> Provided material:
- - -

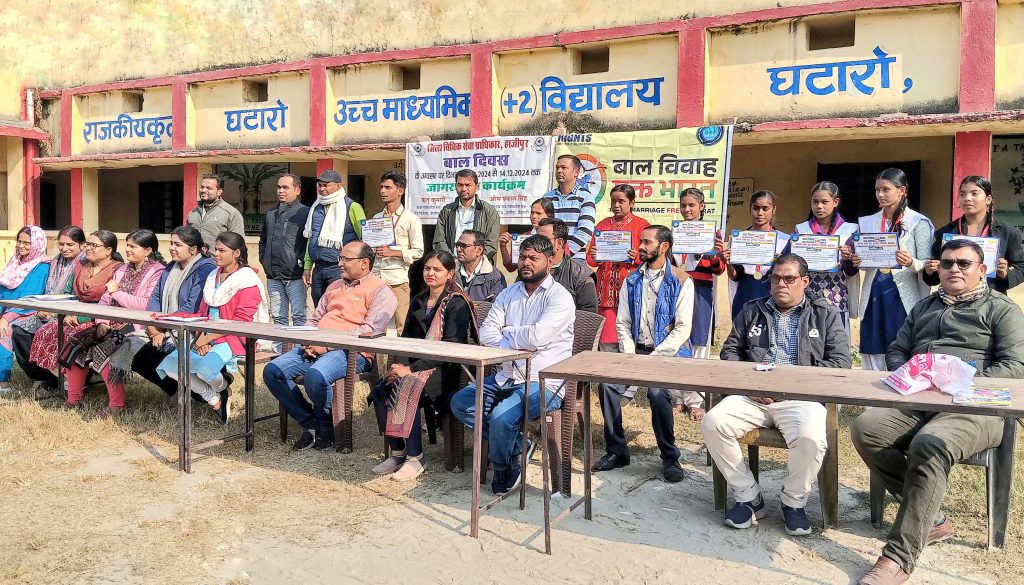 जिला विधिक सेवा प्राधिकार वैशाली और स्वर्गीय कन्हाई शुक्ला सामाजिक सेवा संस्थान के संयुक्त तत्वावधान में लालगंज के घटारो उच्च माध्यमिक विद्यालय में संकल्प सभा सह पुरस्कार वितरण कार्यक्रम का आयोजन किया गया। कार्यक्रम जस्ट राइट्स फॉर चिल्ड्रन के डायरेक्टर सह स्वर्गीय कन्हाई शुक्ला सामाजिक सेवा संस्थान के सचिव सुधीर कुमार शुक्ला के निर्देश पर अधिकार मित्र संतोष कुमार, अमरेश कुमार राजू और प्रोजेक्ट कोऑर्डिनेटर शालिनी भारती के संयुक्त नेतृत्व में किया गया।”बाल विवाह मुक्त भारत” अभियान के तहत आयोजित कार्यक्रम में बच्चों को चित्रकला,निबंध लेखन और स्लोगन प्रतियोगिता के सफल प्रतिभागियों के बीच प्रशस्ति पत्र और मेडल देकर सम्मानित किया गया। कार्यक्रम की अध्यक्षता विद्यालय के प्रभारी प्रधानाध्यापक नीरज कुमार ने की । चित्रकला प्रतियोगिता में प्रथम स्थान के लिए ज्योति कुमारी को चुना गया, वहीं द्वितीय स्थान के बन्दना कुमारी और तृतीय स्थान पर राजनंदनी रही। निबंध लेखन प्रतियोगिता में क्रमशः प्रथम द्वितीय और तृतीय स्थान के लिए बन्दना ,तनीषा और दिव्या चुनी गई।स्लोगन प्रतियोगिता में साहिल प्रथम,पायल द्वितीय और तृतीय स्थान राजलक्ष्मी ने प्राप्त किया।इस दौरान कार्यक्रम के डायरेक्टर सह स्वर्गीय कन्हाई शुक्ला सामाजिक सेवा संस्थान के सचिव सुधीर कुमार शुक्ला ने बताया कि हम सभी का उद्देश्य है कि वैशाली जिले को बाल विवाह मुक्त जिला बनाया जाए।इस दिशा में पुलिस प्रशासन,जिला प्रशासन और सामाजिक संगठनों के लोग पूरी तत्परता से कार्य कर रहे हैं। वर्ष 2030 तक भारत को पूर्ण रूप से बाल विवाह मुक्त राष्ट्र बनाने का लक्ष्य रखा गया है। कार्यक्रम में बच्चों को बाल अधिकारों से संदर्भित विषय जैसे बाल विवाह,बाल मजदूरी,बाल यौन शोषण और बाल तस्करी के संबंध में विस्तृत जानकारी दी। गई। कार्यक्रम में शिक्षिका सनिग्धा वर्मा,पूनम कुमारी,सोनम कुमारी,अमित कुमार,शिवानी, रिंकी कुमारी,बाबू साहेब,सुमन सिंह अवधेश कुमार, शिवसागर शर्मा आदि मौजूद थे।
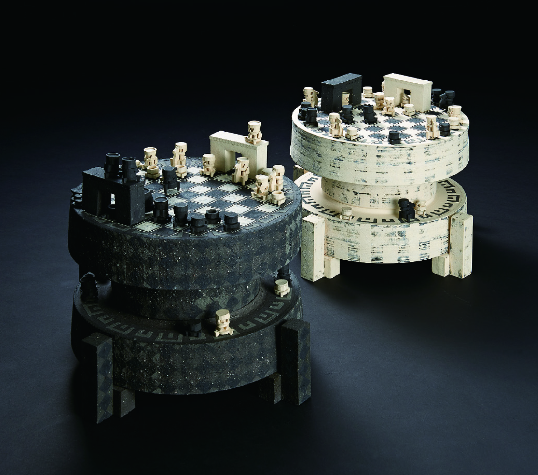 課題で出合った「白化粧」が、すっかり気に入り、卒業制作には中国宋代を起源とするこの伝統技法を使おうと決めました。白一色では寂しいので、化粧土に顔料を混ぜて色化粧としました。なかなか求める色が出ず、顔料の混入比率を色々変えて、幾度も試し焼きをしました。
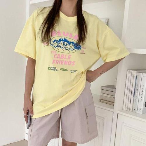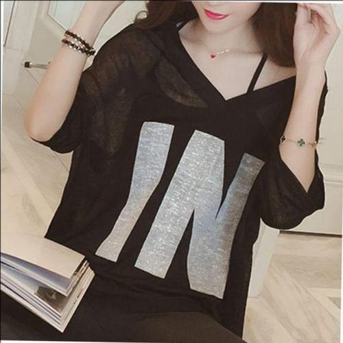 [에이치플러스몰]루즈핏 인기 여성 여름 나시 감성 반팔 시스루 티 셔
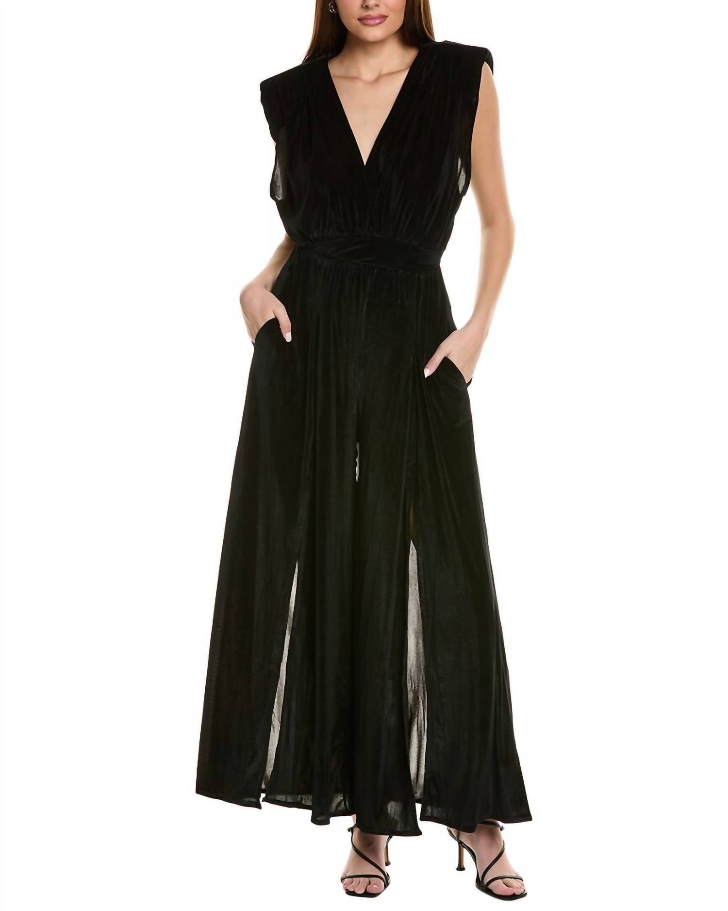 Бархатный комплект топ и брюки в черном цвете BEULAHSTYLE
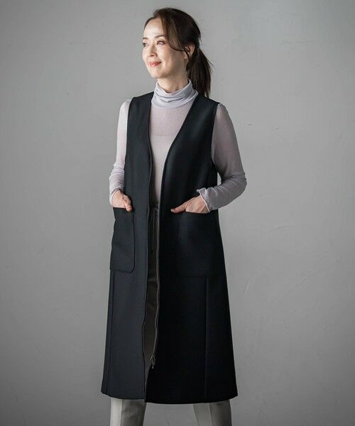 ジップアップ仕様で着脱も軽やかに、レングスを短めに設定することで、ジャンパースカートとしてはもちろん、ジレのように羽織るスタイリングも楽しめます。

- - -

Copy the records above precisely, and leave every image out of the copy.

> Result of this exercise:
 जिला विधिक सेवा प्राधिकार वैशाली और स्वर्गीय कन्हाई शुक्ला सामाजिक सेवा संस्थान के संयुक्त तत्वावधान में लालगंज के घटारो उच्च माध्यमिक विद्यालय में संकल्प सभा सह पुरस्कार वितरण कार्यक्रम का आयोजन किया गया। कार्यक्रम जस्ट राइट्स फॉर चिल्ड्रन के डायरेक्टर सह स्वर्गीय कन्हाई शुक्ला सामाजिक सेवा संस्थान के सचिव सुधीर कुमार शुक्ला के निर्देश पर अधिकार मित्र संतोष कुमार, अमरेश कुमार राजू और प्रोजेक्ट कोऑर्डिनेटर शालिनी भारती के संयुक्त नेतृत्व में किया गया।”बाल विवाह मुक्त भारत” अभियान के तहत आयोजित कार्यक्रम में बच्चों को चित्रकला,निबंध लेखन और स्लोगन प्रतियोगिता के सफल प्रतिभागियों के बीच प्रशस्ति पत्र और मेडल देकर सम्मानित किया गया। कार्यक्रम की अध्यक्षता विद्यालय के प्रभारी प्रधानाध्यापक नीरज कुमार ने की । चित्रकला प्रतियोगिता में प्रथम स्थान के लिए ज्योति कुमारी को चुना गया, वहीं द्वितीय स्थान के बन्दना कुमारी और तृतीय स्थान पर राजनंदनी रही। निबंध लेखन प्रतियोगिता में क्रमशः प्रथम द्वितीय और तृतीय स्थान के लिए बन्दना ,तनीषा और दिव्या चुनी गई।स्लोगन प्रतियोगिता में साहिल प्रथम,पायल द्वितीय और तृतीय स्थान राजलक्ष्मी ने प्राप्त किया।इस दौरान कार्यक्रम के डायरेक्टर सह स्वर्गीय कन्हाई शुक्ला सामाजिक सेवा संस्थान के सचिव सुधीर कुमार शुक्ला ने बताया कि हम सभी का उद्देश्य है कि वैशाली जिले को बाल विवाह मुक्त जिला बनाया जाए।इस दिशा में पुलिस प्रशासन,जिला प्रशासन और सामाजिक संगठनों के लोग पूरी तत्परता से कार्य कर रहे हैं। वर्ष 2030 तक भारत को पूर्ण रूप से बाल विवाह मुक्त राष्ट्र बनाने का लक्ष्य रखा गया है। कार्यक्रम में बच्चों को बाल अधिकारों से संदर्भित विषय जैसे बाल विवाह,बाल मजदूरी,बाल यौन शोषण और बाल तस्करी के संबंध में विस्तृत जानकारी दी। गई। कार्यक्रम में शिक्षिका सनिग्धा वर्मा,पूनम कुमारी,सोनम कुमारी,अमित कुमार,शिवानी, रिंकी कुमारी,बाबू साहेब,सुमन सिंह अवधेश कुमार, शिवसागर शर्मा आदि मौजूद थे।
 課題で出合った「白化粧」が、すっかり気に入り、卒業制作には中国宋代を起源とするこの伝統技法を使おうと決めました。白一色では寂しいので、化粧土に顔料を混ぜて色化粧としました。なかなか求める色が出ず、顔料の混入比率を色々変えて、幾度も試し焼きをしました。
 [에이치플러스몰]루즈핏 인기 여성 여름 나시 감성 반팔 시스루 티 셔
 Бархатный комплект топ и брюки в черном цвете BEULAHSTYLE
 ジップアップ仕様で着脱も軽やかに、レングスを短めに設定することで、ジャンパースカートとしてはもちろん、ジレのように羽織るスタイリングも楽しめます。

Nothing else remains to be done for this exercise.